Debian based systems utilize the Debian Package Manager.  Various command line utilities are available such as aptitude and apt-get which will source packages from standard Debian installation sources and check for dependencies.

->apt-get update

->apt-get upgrade

->apt-get install
 

Without the use of a package manager you will need to download source files then config and make software packages to update your system manually with a local compiler.

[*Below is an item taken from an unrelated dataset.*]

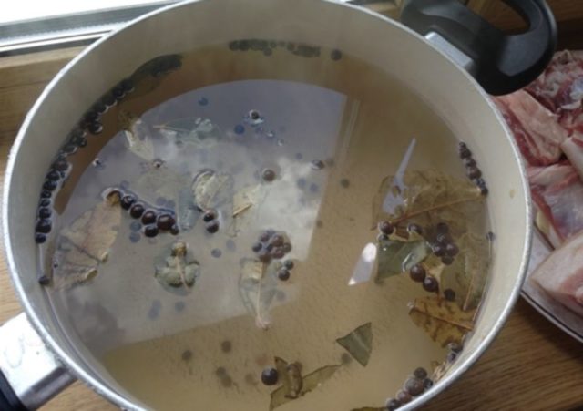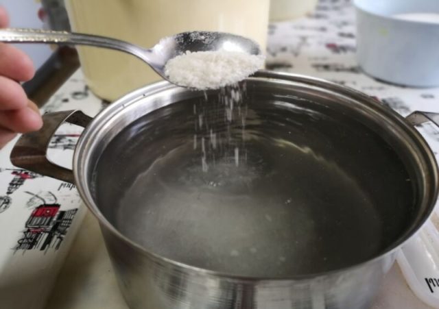 - Vypusťte kapalinu do čisté pánve. Hořte, přidejte cukr a sůl. Nechte to vařit.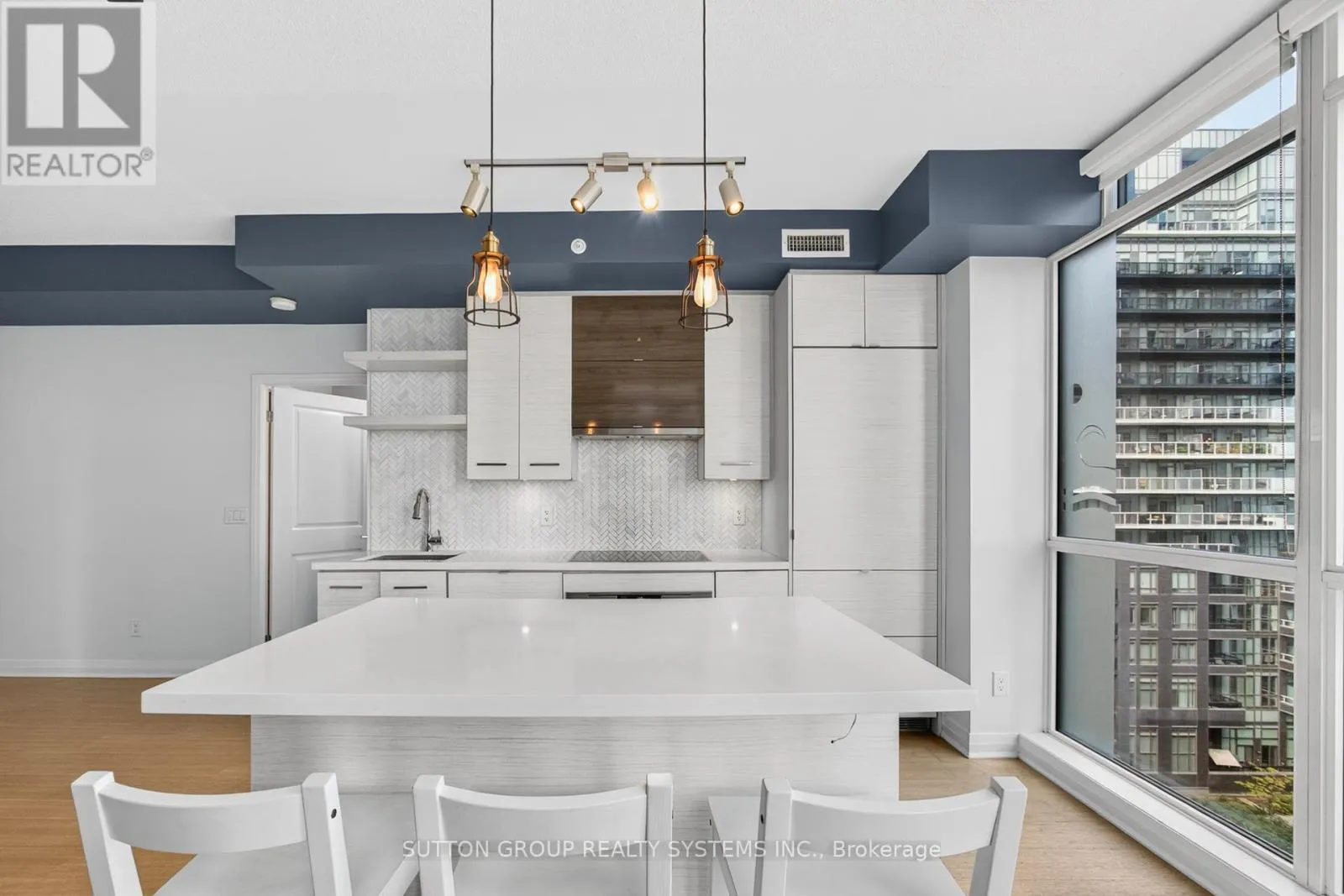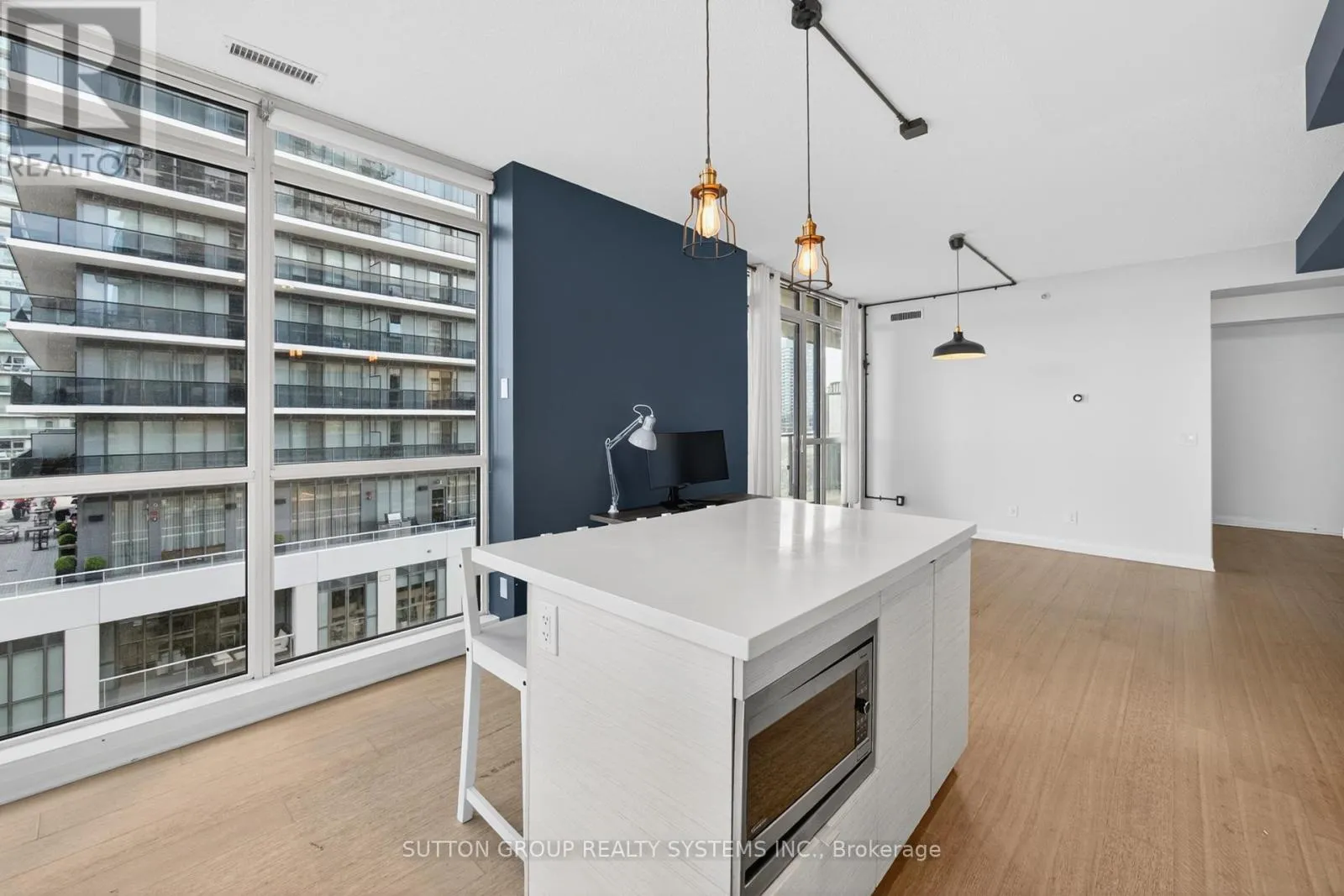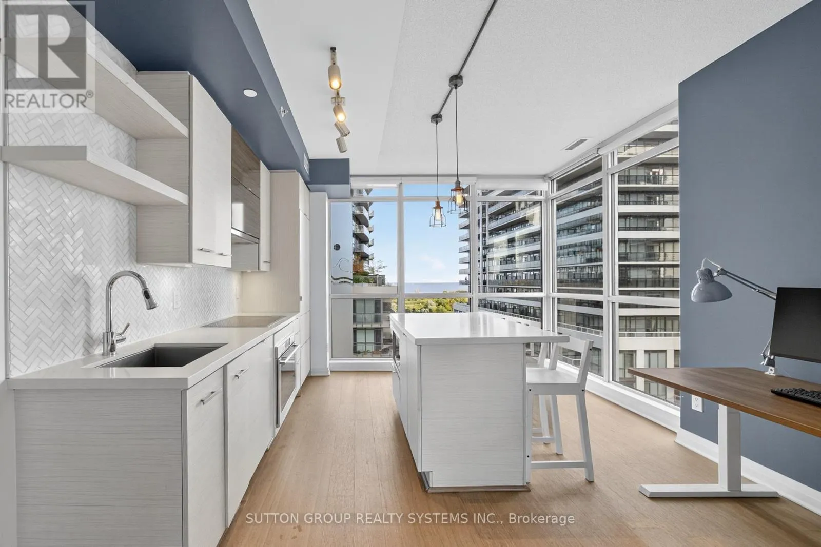 Walk In To This Unit & Breath The Openness - Be Inspired, Unwind Your Creative Side & Get Carried Away By The Naturally Bright Open Concept Layout With Gorgeous Finishes, Neutral colours & Tons Of Upgrades Including Gleaming Floors, Floor To Ceiling Windows, High Ceilings, Sparkling Clean Modern Kitchen, Boasting Built-In Appliances, A Large Centre Island , Quartz Countertops, Undermount-Sink, Track Lights, Backsplash & Lots Of Cabinet/Counter Space. One Large & Comfortable Primary Bedroom Flooded With Tons Of Natural Light Offers A Walk-In Closet Equipped With Closet Organizers & An Ensuite Bathroom With Engineered Stone Vanity Top. Conveniently This Condo Is Equipped With An Ensuite Upgraded Washer and Dryer Combo. Walk Out & Enjoy Your Own Covered Balcony Offering A combination Lake & City-Views. With Top Notch Amenities Including An Indoor Pool, A 24-hour concierge, Fitness Studio, Yoga studio, Whirlpool, Party Room, Billiard- Room, Guest Suites, Outdoor Courtyard With A BBQ Area, Rooftop Terrace, Experience a Truly Elevated Way Of Living In This Boutique Residence, Which Delivers A Sense Of Luxury & Exclusivity Rarely Found In Larger Buildings. This is A Home For Those Who Appreciate Fine Living. Schedule A Private Tour To Experience Its Unique Charm & See Why It's The Perfect Place To Call Home. (id:27476)

Ensure that system time is correct and synchronized to a reliable time source

Show system date and time
>date

To setup a time server edit /etc/ntp.conf
Enter a line for each time source as follows

server ntpserver.name.com
Replace “ntpserver.name.com” with a time server or pool address that you choose.

Enable system logging and audit log files

System logging is an important piece to system hardening and security.  Proper configuration and auditing of log files is recommended.  On Linux there are various different log software daemons.  Syslog, syslog-ng and rsyslog are the commonly included logging utilities with Linux distributions. 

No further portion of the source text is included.